# first planted tank, black water 35G hex build



## mkiiisupradude (Nov 15, 2010)

:hihi:that should do it and hopefully i am saving someone loading time somewhere lol. tommorow I will post the DIY light upgrade I have planned to handle the tank depth and black water. Right now there is just a 17" flourescent tube that seems to keep my only plant, a java moss, fairly happy under the ludicrousely low light circumstances!


----------



## brains613 (Aug 18, 2010)

Pictures _DON'T_ work... Where's my editing! 

Of course I'm kidding, but I just broke down a 35 gallon hex and haven't had luck with plants in it, so I'm looking for ideas. And I'm VERY interested in what you did, so fix the pics!



Slight correction. They don't show on the page, but clicking the links brings them up. Not sure how to fix that.


----------



## rickztahone (Jul 20, 2009)

use photobucket.com to upload the pics.


----------



## mkiiisupradude (Nov 15, 2010)

ha ha, figures! well then to recap for people too lazy to click :icon_wink

my 55








my hex as it was when I first filled it. please notice the light is fairly bright








My hex after a few days! Before you ask I did boil the wood for about 5 hours with 3 or so water changes as well as 3-4 cycles in the dish washer!








I love the tinted water! 
and as promised.... after my DIY light change I did tonight!
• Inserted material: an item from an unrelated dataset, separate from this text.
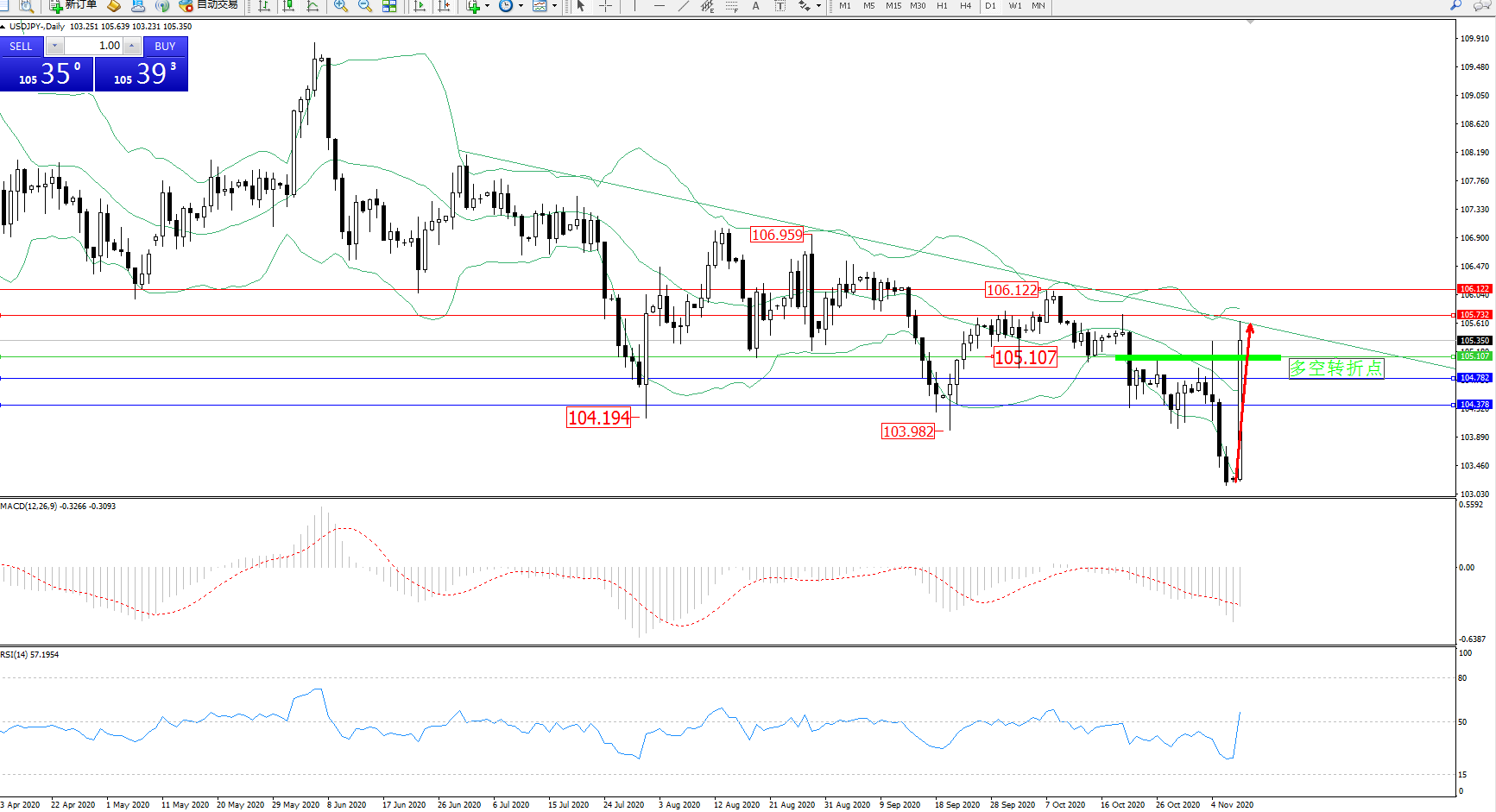 交易策略:105.107上方看涨,目标105.732、106.122

I think I am spilling alot of light because the bulbs are so close to the edges of the tank but it seems to be a GREAT improvement! Yes, that is the very same water! even a few days darker! lol im trying to be dramatic...


----------



## TeamTeal (Mar 31, 2010)

the water almost look like red tea lol


----------



## mkiiisupradude (Nov 15, 2010)

I know! so far I have a juvy Oscar in it to keep it cycled and he loves it. I read about how they hunt, hiding in blackish water until something comes close enough for it to strike. He does it to Hikari pellets as they float around, all violent like. too funny. 
I think I have the mood right in there though and hopefully enough light to grow some plants. it is 2 spiral CFLs at: 1450 lumens each, 6500k temp, and 23w or 100w replacement. I checked and the 100w bulbs they "replace" only put out between 1000-1200 lumens. even if I split the difference low and say 50w each I am getting 3wpg but with the black water and my choice of bulb placement i would cut that by halfish.
As long as I can get some crypts, anubias and java fern to grow I think I can make my angels happy.
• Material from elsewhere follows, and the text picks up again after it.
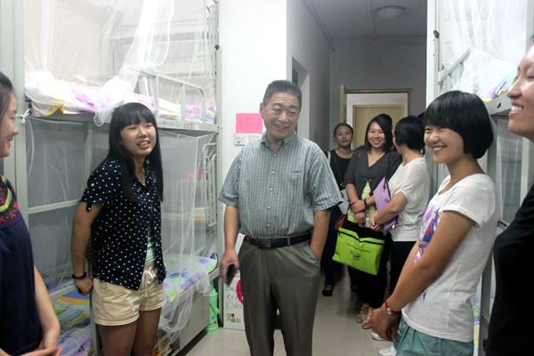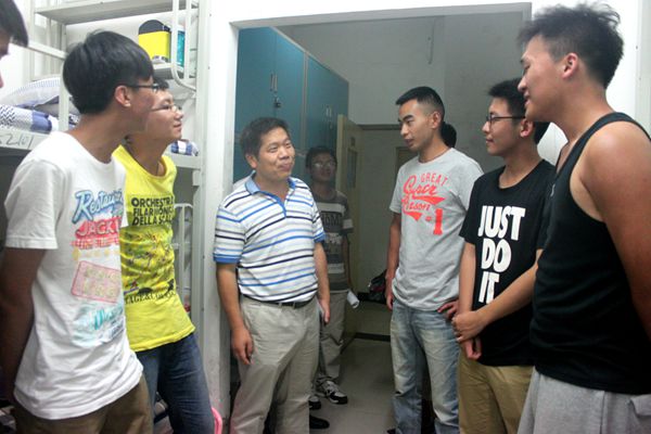 8月25日晚6点,探望新同学活动开始了。公司党总支书记王万山、副经理张克中、团总支书记王雪、辅导员周伟婷老师和新生班主任杨玲、张文玲、何祥凤、赵亚洲、王润老师一同探望新生宿舍。

So that brings me to my next question for everyone. Obviousely I am going with a natural look. I want to put some live bearers in for the Angels to get the occasional live treat of fry. My understanding is that guppies are from South America but they just dont seem like they would look right. Any one have a better idea or know of a good schooler that will breed easily for me in this baby?


----------



## Tsartetra (Oct 20, 2003)

Many of the livebearers are indigenous to Central America and Mexico, originally. It's not far fetched to put the two species together...except that full adult angels will probably be able to eat some of the adult guppies. Platies, mollies, swordtails are more likely to avoid that fate.


----------



## mkiiisupradude (Nov 15, 2010)

do any of those school well? I dont mind the guppies getting eaten, its kind if the point. If there is something that schools well and is not nescesarily a live bearer but breeds like crazy I would preffer schooling over how prolific the livebearers are.


----------



## mkiiisupradude (Nov 15, 2010)

Plants came today! 











I only ordered 4 types of plants from one of the members on this forum but he was awesome enough to send a few extras! Im not sure what they are yet but two are stem types that Ive heard do well in low light. the other is pretty and seems similar but i know nothing about it. bottom left there, you cant miss it.










heres that old drift wood stump, now hosting some anubias nana and java fern across the back!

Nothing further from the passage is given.